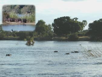 | Hippopotamus (Hippopotamus amphibius) are abundant in the rivers of southern Africa: we saw (and heard) them in the Zambezi and Luangwa in Zambia, and the Okavango in Botswana. What you usually see is illustrated here--just the silhouette of the head or only the eyes emerging from the water, and that only sporadically. We spotted these hippos in the Zambezi from a small boat we took from The River Club where we were staying on the Zambia side. Hippos usually come out of the water by night and only infrequently by day. The inset shows a group of four hippos we spotted on an island in the Zambezi. The pink colour is not a photographic artefact--hippos secrete a pink, oily substance which acts as sunscreen and keeps their skin moist when they're out of the water; they were once thought to sweat blood, which actually only Windows software developers do. Despite their ungainly appearance on land, they move quickly and gracefully in the water. They are aggressive, have little fear of humans, and are considered among the most dangerous of African mammals. When startled while grazing at night, a hippo will bolt for the nearest water, trampling anything and anybody in its path. |
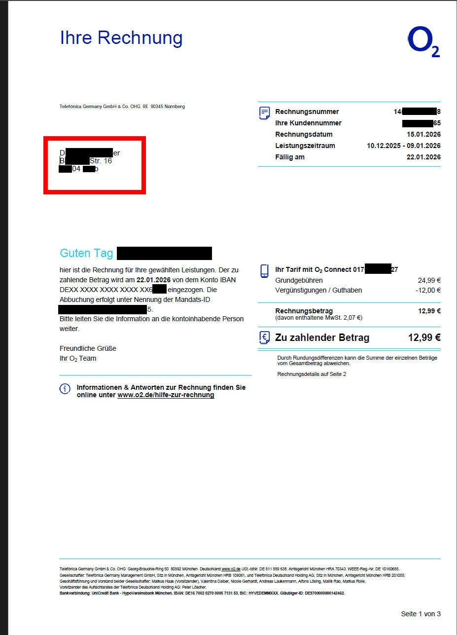 Unsere Mitarbeiter haben heute bereits eine Anpassung der Rechnungsadresse vorgenommen, es sieht nun alles korrekt wie gewünscht aus. Nachvollziehen kannst du es hier: https://www.o2.de/rechnung/adresse
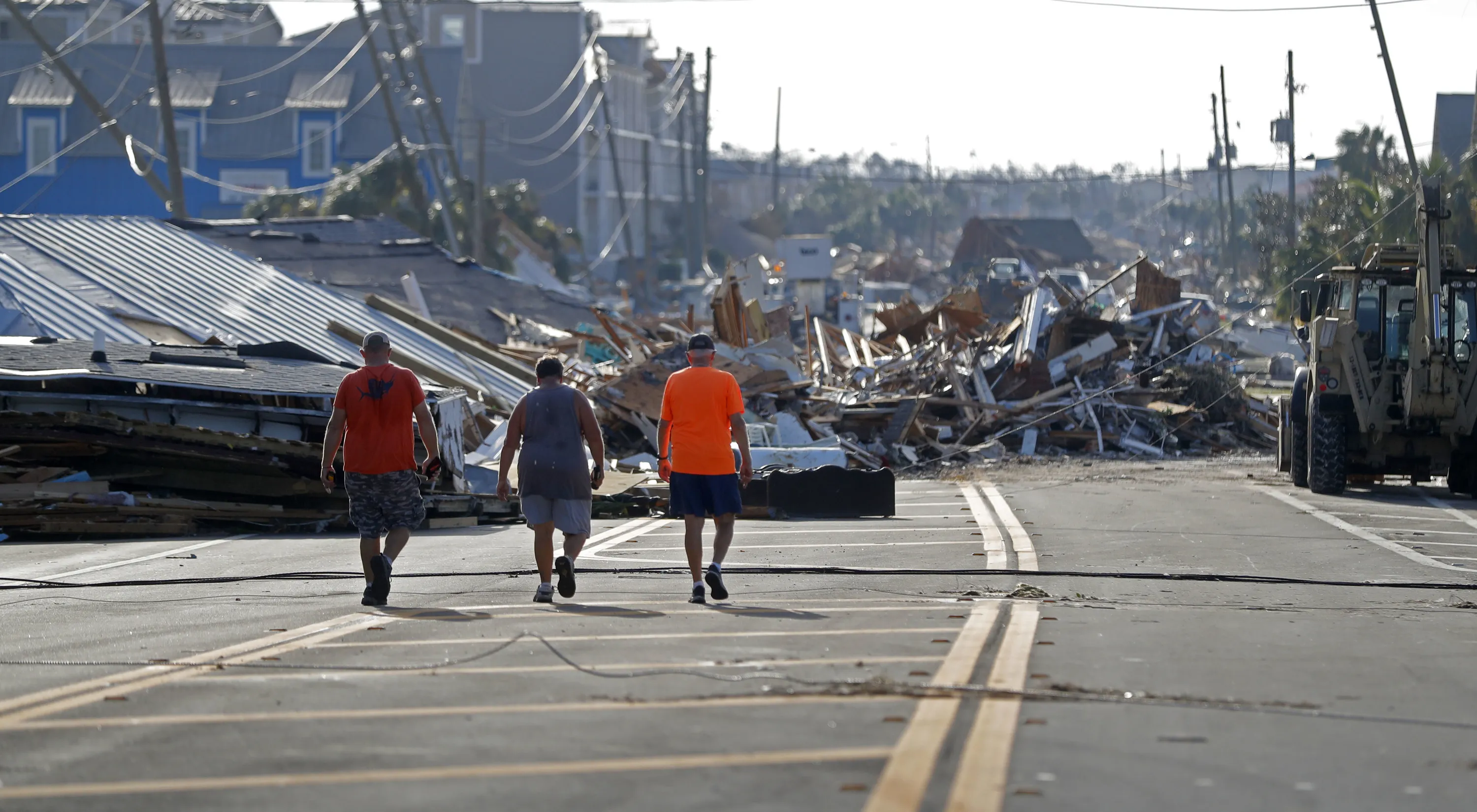 People walk amidst destruction on the main street of Mexico Beach, Fla., in the aftermath of Hurricane Michael on Thursday, October 11, 2018. (Photo by Gerald Herbert/AP Photo)
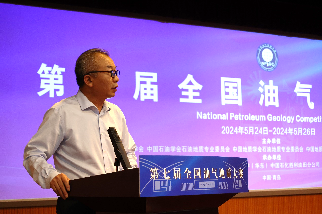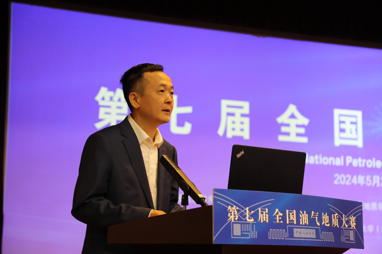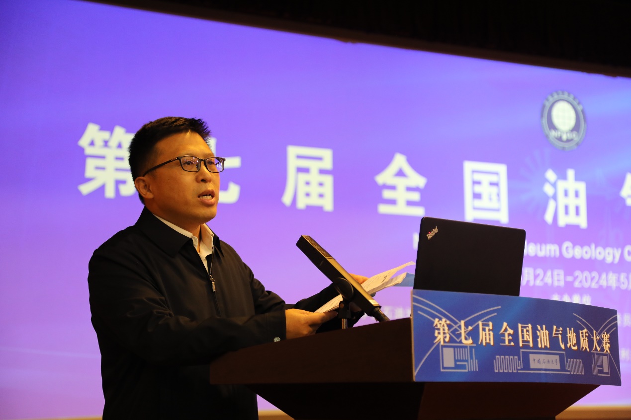 张世明代表本届大赛联合承办单位致辞。他表示,端牢能源的饭碗,迫切的需要理论和技术创新,提升勘探开发效率,有效的保障能源供应的稳定性,促进能源行业的健康发展。本届大赛的举办对于油气地质行业人才的培养具有重要意义,将助力行业高校培养服务国家石油地质发展的创新型、应用型人才。希望广大油气地质学子不断夯实专业基础,提高专业素养,增强专业技能,胸怀梦想、勇担使命、接续奋斗,把个人的价值追求融入到国家油气事业中,努力成为新时代油气地质行业合格的接班人,为保障国家能源安全贡献力量。
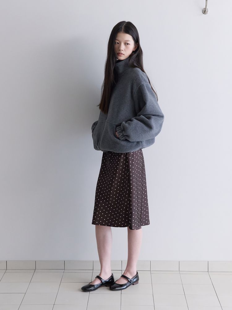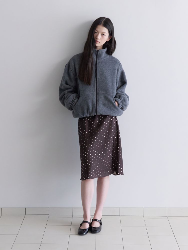 포근한 터치감의 플리스 원단으로 제작된 하프넥 집업 점퍼입니다. 부드럽고 가벼운 소재로 데일리로 착용하기 좋은 아이템으로 어깨에 작은 셔링 디테일을 넣어 아미디만의 사랑스러운 무드를 살렸습니다. 밑단에는 조절 가능한 스트링이 있어 다양한 연출이 가능하며 소매 끝과 밑단 끝에 밴드가 있어 캐주얼하게 스타일링 하기 좋은 제품입니다.
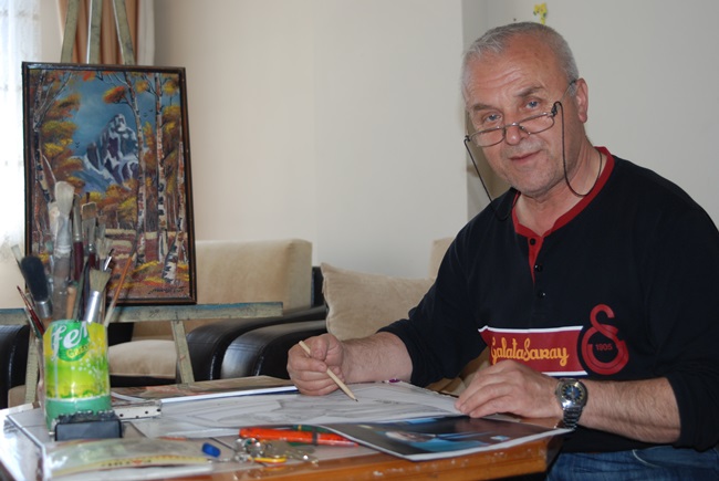 Zonguldak’ın Ereğli ilçesine bağlı Kandilli Beldesi’nde Türkiye Taşkömürü Kurumu’ndan emekli olan 1958 doğumlu Mahmut Kocaman, boş zamanlarını değerlendirdiği resim yapma yeteneğini kara kalem çalışması üzerinde geliştirerek yeni eserlere imza atıyor.
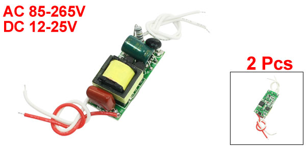 Product Name LED Driver Power Supply Fit for (5-15) x 1W LED Strip Input AC 85-265V Output DC 12-25V Size 40 x 17 x 15mm/ 1.6" x 0.7" x 0.6"(L*W*H) Weight 34g Package Content 2 x LED Driver Power Supply - Reviews
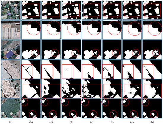 In order to confirm the efficacy of the proposed GSDMLNet in extracting buildings from aerial images, we compared it with five other methods: PSPNet [23], Deeplabv3+ [43], HRNet [44], SegFormer [45], and BEARNet [46]. PSPNet employs a pyramid pooling module to aggregate contextual information from diverse regions, thereby enhancing its capacity to encapsulate global information. Deeplabv3+ leverages spatial pyramid pooling with dilated convolutions to facilitate multi-scale feature extraction, thereby enhancing the precision of semantic segmentation boundaries. HRNet establishes parallel connections between convolutions at different resolutions to facilitate information interaction, ensuring the preservation of reliable high-resolution representations across the network. SegFormer is a network that integrates lightweight multi-layer perceptrons (MLPs) within Transformers ensuring straightforward and efficient functionality. Finally, BEARNet disentangles building bodies and boundaries, guiding the network to independently learn building boundary features and optimize the targeted acquisition of boundary features.
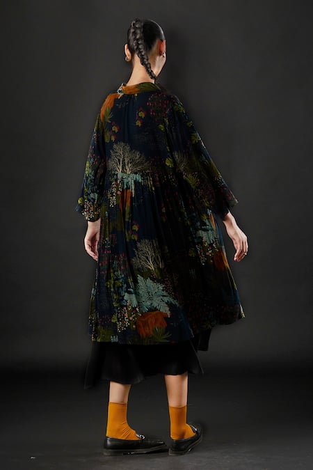 Navy blue dress with tropical print, front slit & gathered detailing.
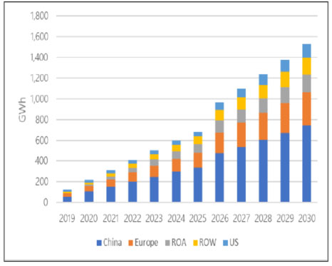 圖11. Avicenne公司對鋰離子電池在全球各地市場的部署預測
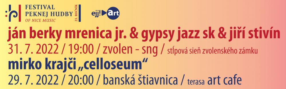 - 31. 07. 2022 o 19:00│Ján Berky MRENICA jr. & Gypsy Jazz & Jiří STIVÍN │>> VSTUPENKY <<
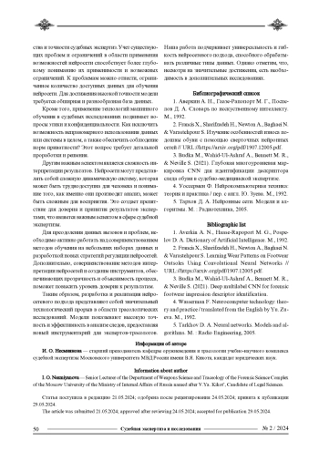 3. Budka M., Wahid-Ul-Ashraf A., Bennett M. R., & Neville S. (2021). Глубокая многоуровневая маркировка CNN для идентификации дескриптора следа обуви в судебно-медицинской экспертизе.
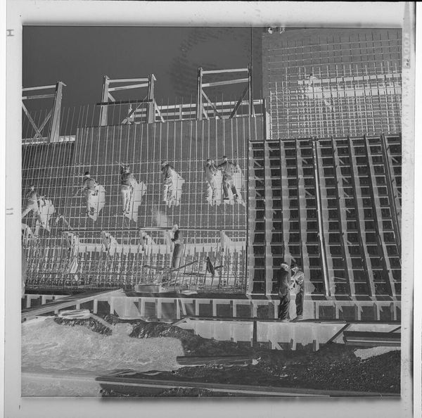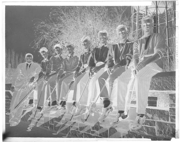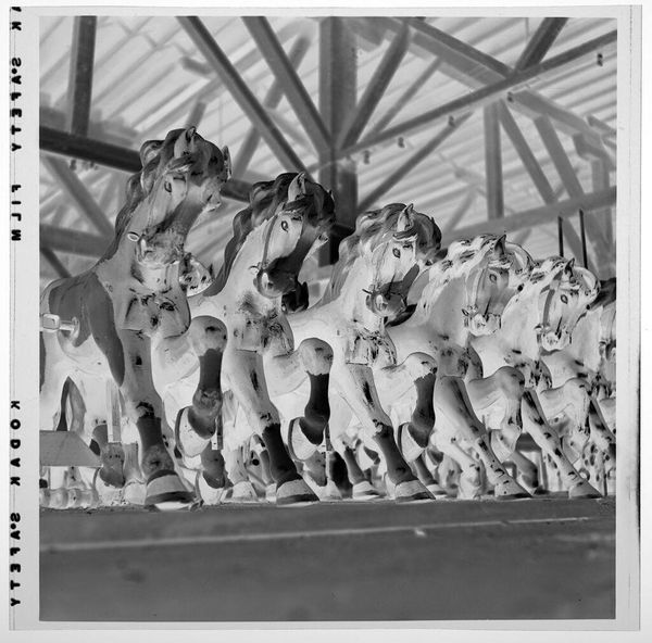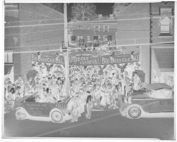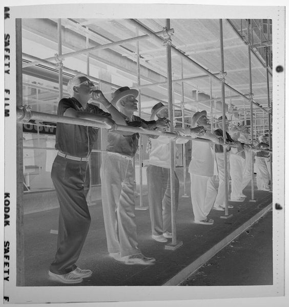 Editor: This is an untitled photograph by Jack Gould of children in costumes auditioning for a play. The image size is quite small, only 6x6 centimeters. It gives the scene a compressed and very intimate feeling. What do you see in it? Curator: What strikes me is how this image, seemingly of a simple audition, hints at larger societal structures. Note the children's costumes, and the waiting parents in the background. What roles are available to them, and who decides? The photographer's gaze, the act of image making itself, participates in that decision. Editor: That’s a perspective I hadn’t considered. It is interesting to consider how the image itself can perpetuate existing roles. Curator: Exactly. It forces us to confront the historical context of representation and power dynamics.
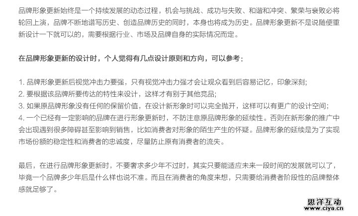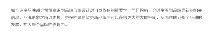 如今许多品牌都会慢慢意识到品牌形象设计对自身的影响的重要性。而且网络上会时常看到品牌更新的相关信息,品牌形象之所以更换,更多的是希望新品牌后可以获得更大的发展空间,从而帮助到整个品牌的发展,扩大整个品牌的影响力。
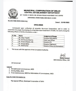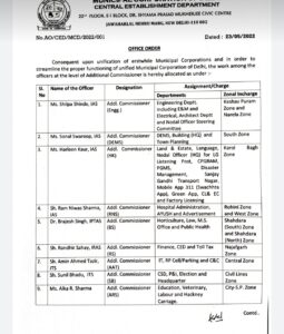 इनके अलावा हेड ऑफ डिपार्टमेंट की बात करें तो विकास त्रिपाठी को डायरेक्टर एजुकेशन , अनिल कुमार शर्मा को चीफ लॉ ऑफिसर, प्रिंस धवन को डायरेक्टर आईटी के साथ डीसी सिविल लाइन जोन , संजय सहाय डायरेक्टर विजिलेंस और अमित कुमार को डायरेक्टर पीएनआई नियुक्त किया गया है। उधर अंकिता मिश्रा को डिप्टी कमिश्नर सिविल लाइन और जितेंद्र कुमार को डीसी रोहिणी जोन के पद पर नियुक्त किया गया है।
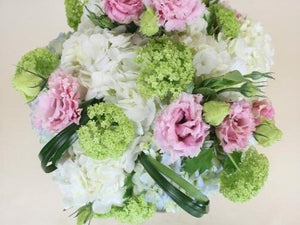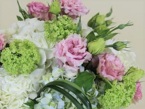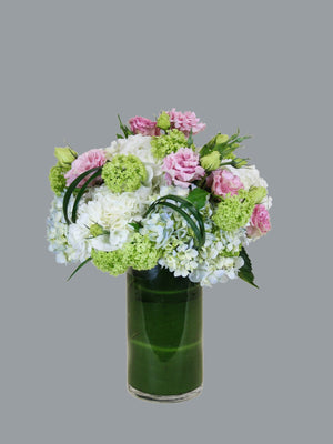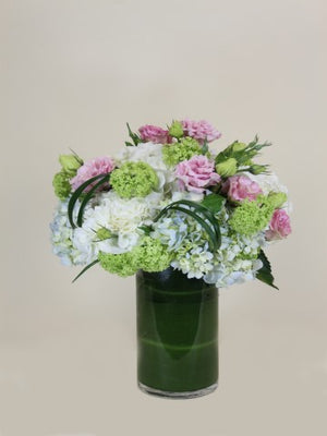For a twist on a traditional classic, we've paired beautiful hydrangeas with lisianthus, and viburnum in a sleek glass cylinder.  For a more modern edge, we've wrapped a leaf inside the vase and added loops of greenery for a finishing detail.  This medium height table arrangement will make a great statement piece.

- _Your task_: Could you write out the whole listing exactly, dropping the pictures?

- _Solved exercise_:
 | Hippopotamus (Hippopotamus amphibius) are abundant in the rivers of southern Africa: we saw (and heard) them in the Zambezi and Luangwa in Zambia, and the Okavango in Botswana. What you usually see is illustrated here--just the silhouette of the head or only the eyes emerging from the water, and that only sporadically. We spotted these hippos in the Zambezi from a small boat we took from The River Club where we were staying on the Zambia side. Hippos usually come out of the water by night and only infrequently by day. The inset shows a group of four hippos we spotted on an island in the Zambezi. The pink colour is not a photographic artefact--hippos secrete a pink, oily substance which acts as sunscreen and keeps their skin moist when they're out of the water; they were once thought to sweat blood, which actually only Windows software developers do. Despite their ungainly appearance on land, they move quickly and gracefully in the water. They are aggressive, have little fear of humans, and are considered among the most dangerous of African mammals. When startled while grazing at night, a hippo will bolt for the nearest water, trampling anything and anybody in its path. |
 Unsere Mitarbeiter haben heute bereits eine Anpassung der Rechnungsadresse vorgenommen, es sieht nun alles korrekt wie gewünscht aus. Nachvollziehen kannst du es hier: https://www.o2.de/rechnung/adresse
 People walk amidst destruction on the main street of Mexico Beach, Fla., in the aftermath of Hurricane Michael on Thursday, October 11, 2018. (Photo by Gerald Herbert/AP Photo)
 张世明代表本届大赛联合承办单位致辞。他表示,端牢能源的饭碗,迫切的需要理论和技术创新,提升勘探开发效率,有效的保障能源供应的稳定性,促进能源行业的健康发展。本届大赛的举办对于油气地质行业人才的培养具有重要意义,将助力行业高校培养服务国家石油地质发展的创新型、应用型人才。希望广大油气地质学子不断夯实专业基础,提高专业素养,增强专业技能,胸怀梦想、勇担使命、接续奋斗,把个人的价值追求融入到国家油气事业中,努力成为新时代油气地质行业合格的接班人,为保障国家能源安全贡献力量。
 포근한 터치감의 플리스 원단으로 제작된 하프넥 집업 점퍼입니다. 부드럽고 가벼운 소재로 데일리로 착용하기 좋은 아이템으로 어깨에 작은 셔링 디테일을 넣어 아미디만의 사랑스러운 무드를 살렸습니다. 밑단에는 조절 가능한 스트링이 있어 다양한 연출이 가능하며 소매 끝과 밑단 끝에 밴드가 있어 캐주얼하게 스타일링 하기 좋은 제품입니다.
 Zonguldak’ın Ereğli ilçesine bağlı Kandilli Beldesi’nde Türkiye Taşkömürü Kurumu’ndan emekli olan 1958 doğumlu Mahmut Kocaman, boş zamanlarını değerlendirdiği resim yapma yeteneğini kara kalem çalışması üzerinde geliştirerek yeni eserlere imza atıyor.
 Product Name LED Driver Power Supply Fit for (5-15) x 1W LED Strip Input AC 85-265V Output DC 12-25V Size 40 x 17 x 15mm/ 1.6" x 0.7" x 0.6"(L*W*H) Weight 34g Package Content 2 x LED Driver Power Supply - Reviews
 In order to confirm the efficacy of the proposed GSDMLNet in extracting buildings from aerial images, we compared it with five other methods: PSPNet [23], Deeplabv3+ [43], HRNet [44], SegFormer [45], and BEARNet [46]. PSPNet employs a pyramid pooling module to aggregate contextual information from diverse regions, thereby enhancing its capacity to encapsulate global information. Deeplabv3+ leverages spatial pyramid pooling with dilated convolutions to facilitate multi-scale feature extraction, thereby enhancing the precision of semantic segmentation boundaries. HRNet establishes parallel connections between convolutions at different resolutions to facilitate information interaction, ensuring the preservation of reliable high-resolution representations across the network. SegFormer is a network that integrates lightweight multi-layer perceptrons (MLPs) within Transformers ensuring straightforward and efficient functionality. Finally, BEARNet disentangles building bodies and boundaries, guiding the network to independently learn building boundary features and optimize the targeted acquisition of boundary features.
 Navy blue dress with tropical print, front slit & gathered detailing.
 圖11. Avicenne公司對鋰離子電池在全球各地市場的部署預測
 - 31. 07. 2022 o 19:00│Ján Berky MRENICA jr. & Gypsy Jazz & Jiří STIVÍN │>> VSTUPENKY <<
 3. Budka M., Wahid-Ul-Ashraf A., Bennett M. R., & Neville S. (2021). Глубокая многоуровневая маркировка CNN для идентификации дескриптора следа обуви в судебно-медицинской экспертизе.
 Editor: This is an untitled photograph by Jack Gould of children in costumes auditioning for a play. The image size is quite small, only 6x6 centimeters. It gives the scene a compressed and very intimate feeling. What do you see in it? Curator: What strikes me is how this image, seemingly of a simple audition, hints at larger societal structures. Note the children's costumes, and the waiting parents in the background. What roles are available to them, and who decides? The photographer's gaze, the act of image making itself, participates in that decision. Editor: That’s a perspective I hadn’t considered. It is interesting to consider how the image itself can perpetuate existing roles. Curator: Exactly. It forces us to confront the historical context of representation and power dynamics.
 如今许多品牌都会慢慢意识到品牌形象设计对自身的影响的重要性。而且网络上会时常看到品牌更新的相关信息,品牌形象之所以更换,更多的是希望新品牌后可以获得更大的发展空间,从而帮助到整个品牌的发展,扩大整个品牌的影响力。
 इनके अलावा हेड ऑफ डिपार्टमेंट की बात करें तो विकास त्रिपाठी को डायरेक्टर एजुकेशन , अनिल कुमार शर्मा को चीफ लॉ ऑफिसर, प्रिंस धवन को डायरेक्टर आईटी के साथ डीसी सिविल लाइन जोन , संजय सहाय डायरेक्टर विजिलेंस और अमित कुमार को डायरेक्टर पीएनआई नियुक्त किया गया है। उधर अंकिता मिश्रा को डिप्टी कमिश्नर सिविल लाइन और जितेंद्र कुमार को डीसी रोहिणी जोन के पद पर नियुक्त किया गया है।
For a twist on a traditional classic, we've paired beautiful hydrangeas with lisianthus, and viburnum in a sleek glass cylinder.  For a more modern edge, we've wrapped a leaf inside the vase and added loops of greenery for a finishing detail.  This medium height table arrangement will make a great statement piece.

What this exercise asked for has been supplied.